## Action item
Transcribe nothing but the lines from the one with "4、填写完手机号与验证码后,勾选相关协议" to the end of the entries, both included, keeping each exact and leaving every picture out.

Extracted data entries
= Beginning of Section =

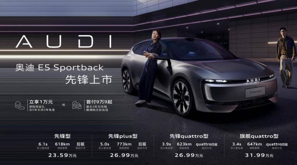 作為奧迪全新電動設計語言在中國的首發力作,E5 Sportback不僅在設計、智能、駕控等方面全面進階,更以極具競爭力的定價策略,重新定義豪華電動市場的價值標準。
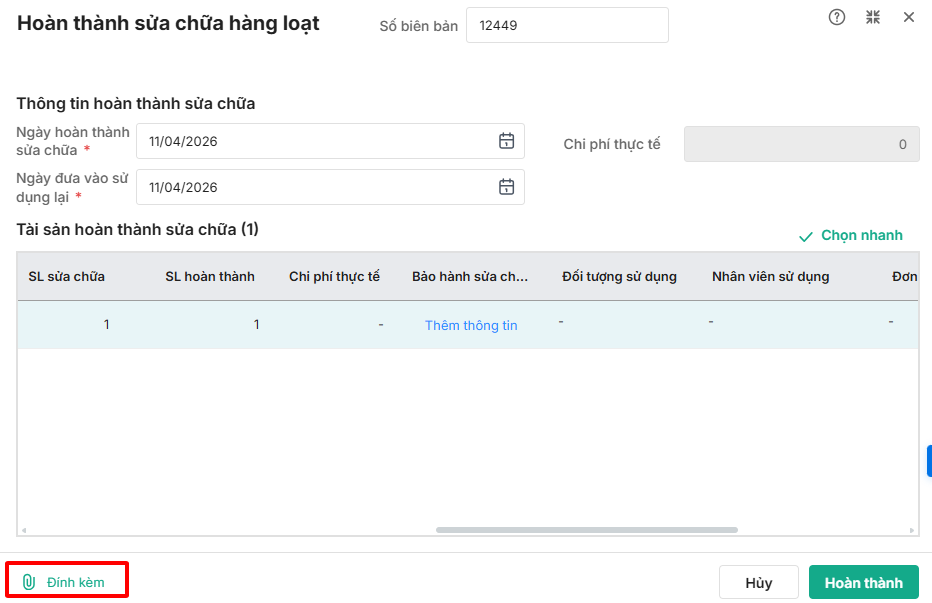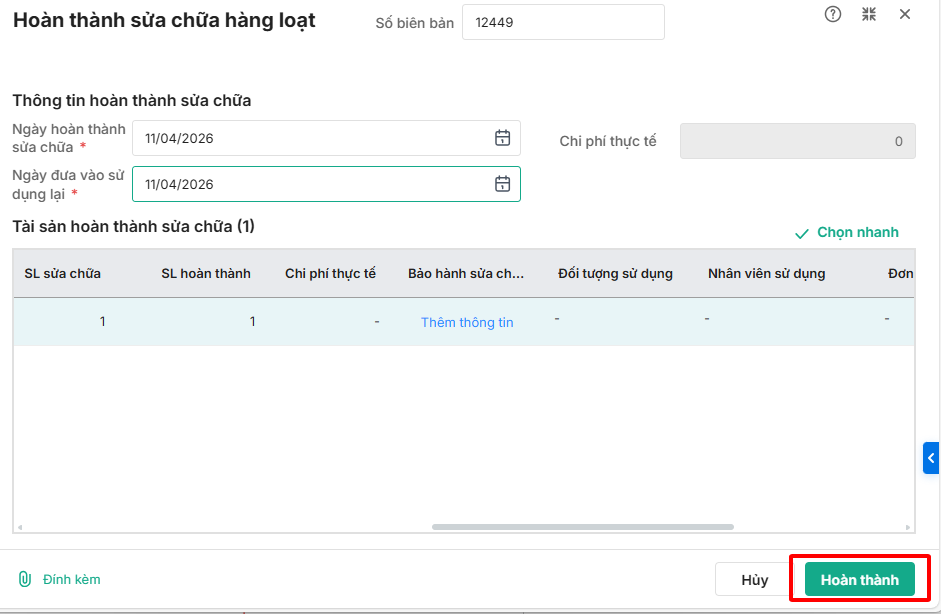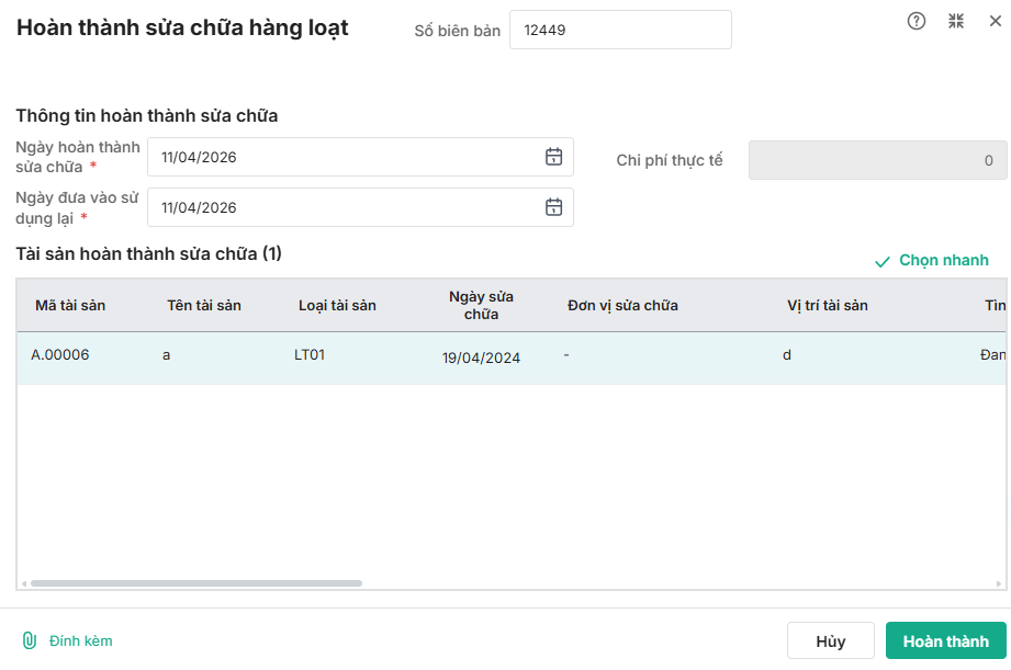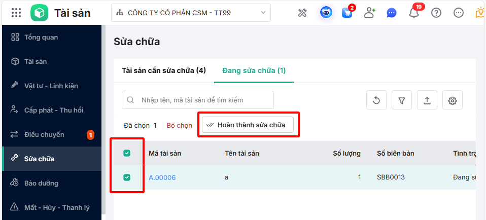 Bước 2: Tích chọn các tài sản đã hoàn thành sửa chữa. Chọn chức năng Hoàn thành sửa chữa/Hoàn thành bảo dưỡng.
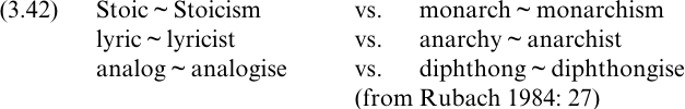 We have now exhausted Halle and Mohanan's list of rules, with the exception of Velar Softening of /k g/ to [s ʤ], which must apparently be ordered on Level 2 since it applies in underived reduce, oblige; some further examples are given in (3.41).
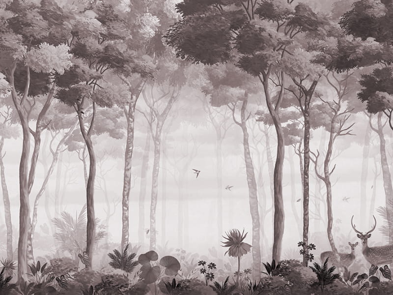 Ta grafika dla fototapety Mglisty krajobraz leśny jest dostępna w innych kolorach:
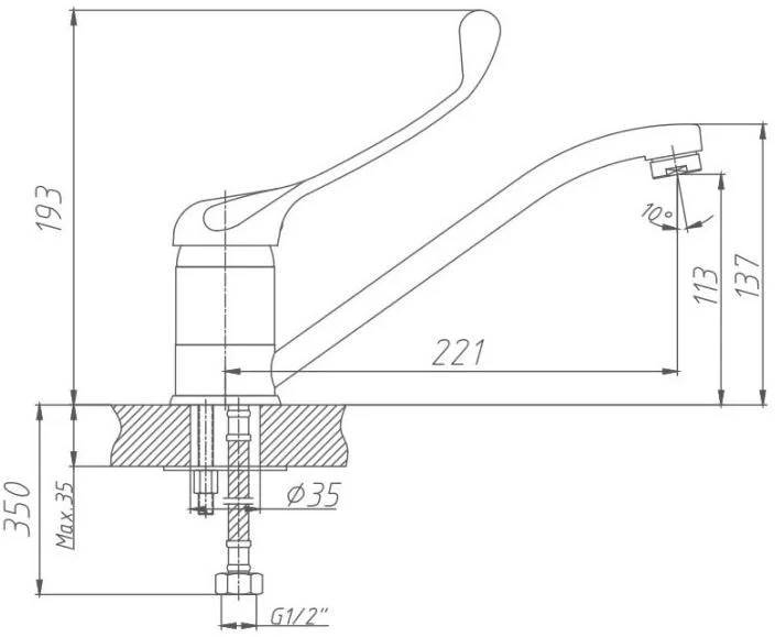 Смеситель для кухни бренда Haiba с хирургической ручкой. Изготовлен из латуни. Картридж 40 мм. Укомплектован аэратором. Гибкая подводка 40 см. С поворотным изливом.
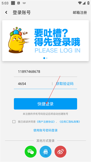 4、填写完手机号与验证码后,勾选相关协议,点击“快捷登录”按钮即可完成账号登录,未注册手机号会自动创建账号。
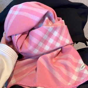 粉白格纹披肩围巾
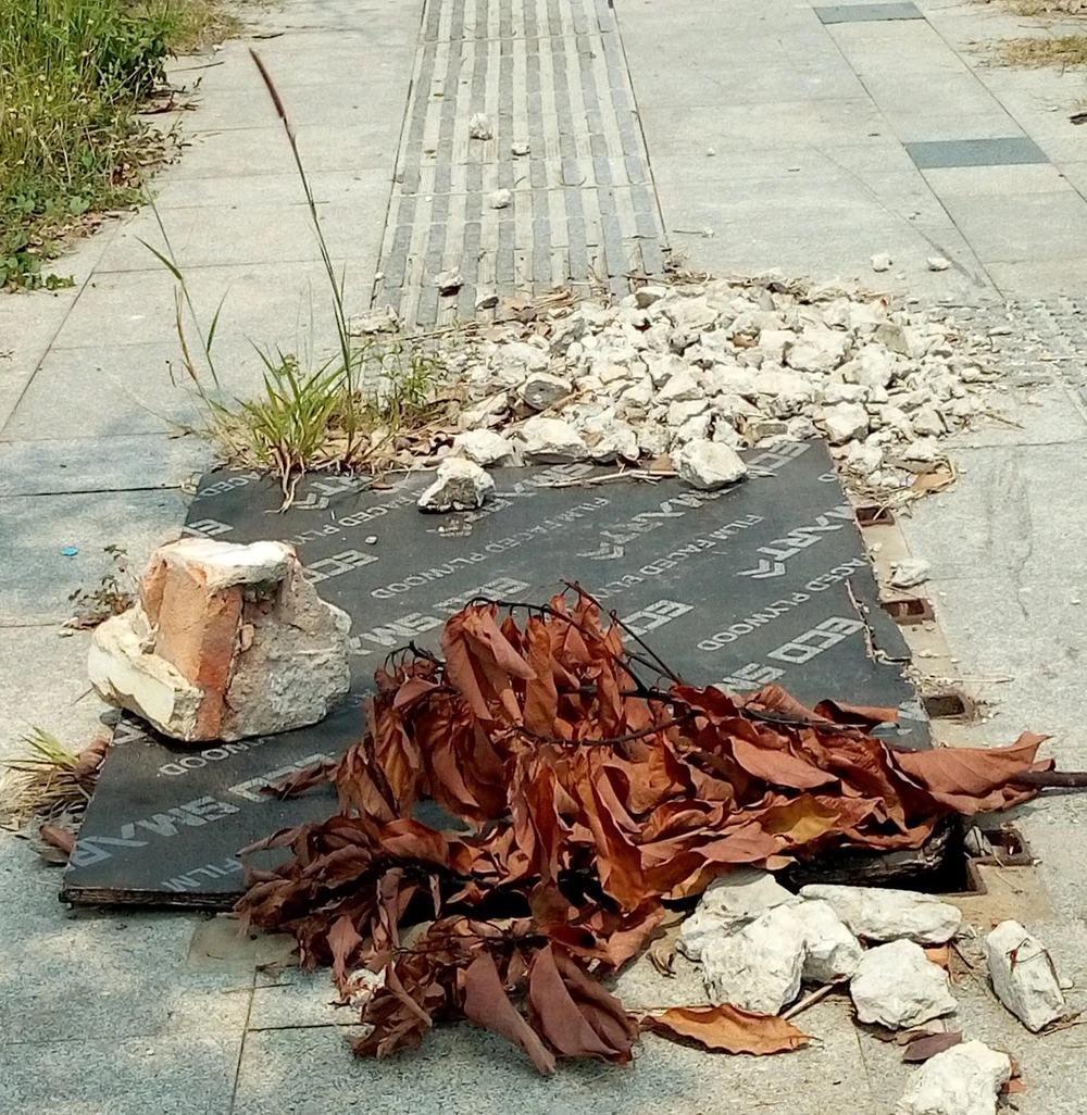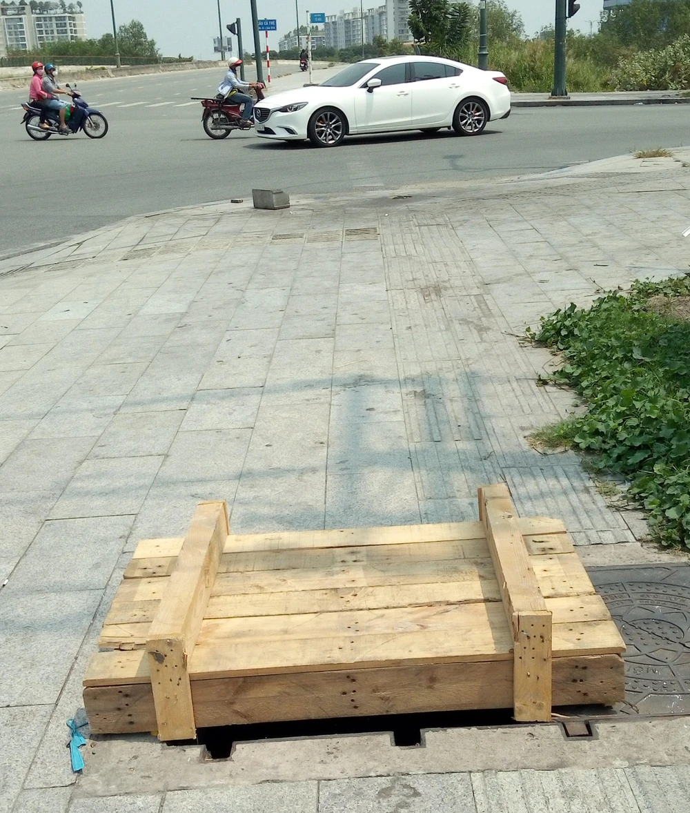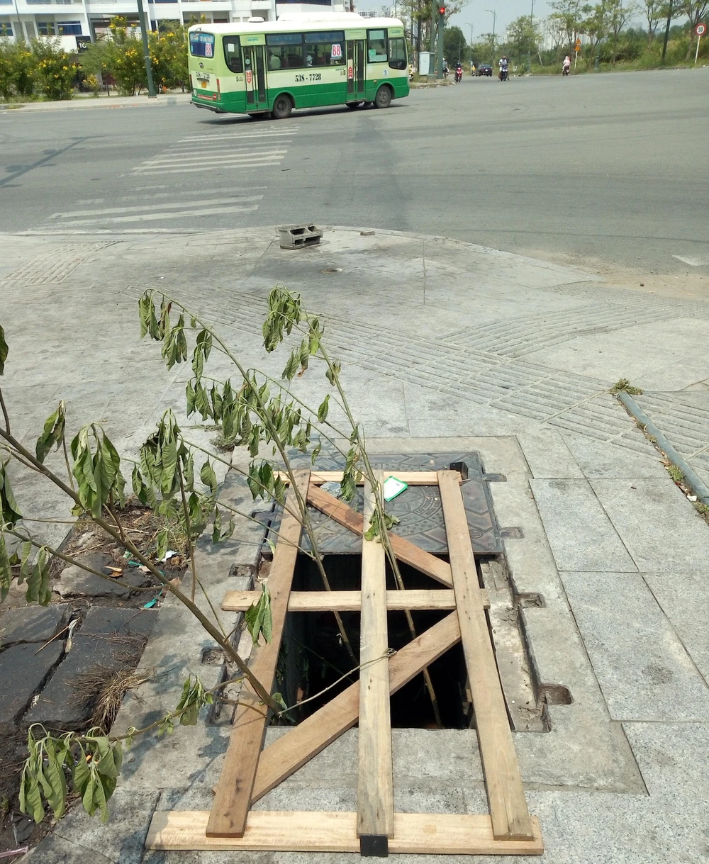 Hàng loạt hố ga trên đường Tố Hữu (phường Thủ Thiêm, TP Thủ Đức, TP.HCM) bị mất nắp đậy. Dù được che chắn tạm nhưng những hố ga mất nắp đậy này vẫn rất nguy hiểm cho người dân qua lại, nhất là vào ban đêm (ảnh chụp trưa 11 - 4).

= End of Section =

## Solution to this exercise
 4、填写完手机号与验证码后,勾选相关协议,点击“快捷登录”按钮即可完成账号登录,未注册手机号会自动创建账号。
 粉白格纹披肩围巾
 Hàng loạt hố ga trên đường Tố Hữu (phường Thủ Thiêm, TP Thủ Đức, TP.HCM) bị mất nắp đậy. Dù được che chắn tạm nhưng những hố ga mất nắp đậy này vẫn rất nguy hiểm cho người dân qua lại, nhất là vào ban đêm (ảnh chụp trưa 11 - 4).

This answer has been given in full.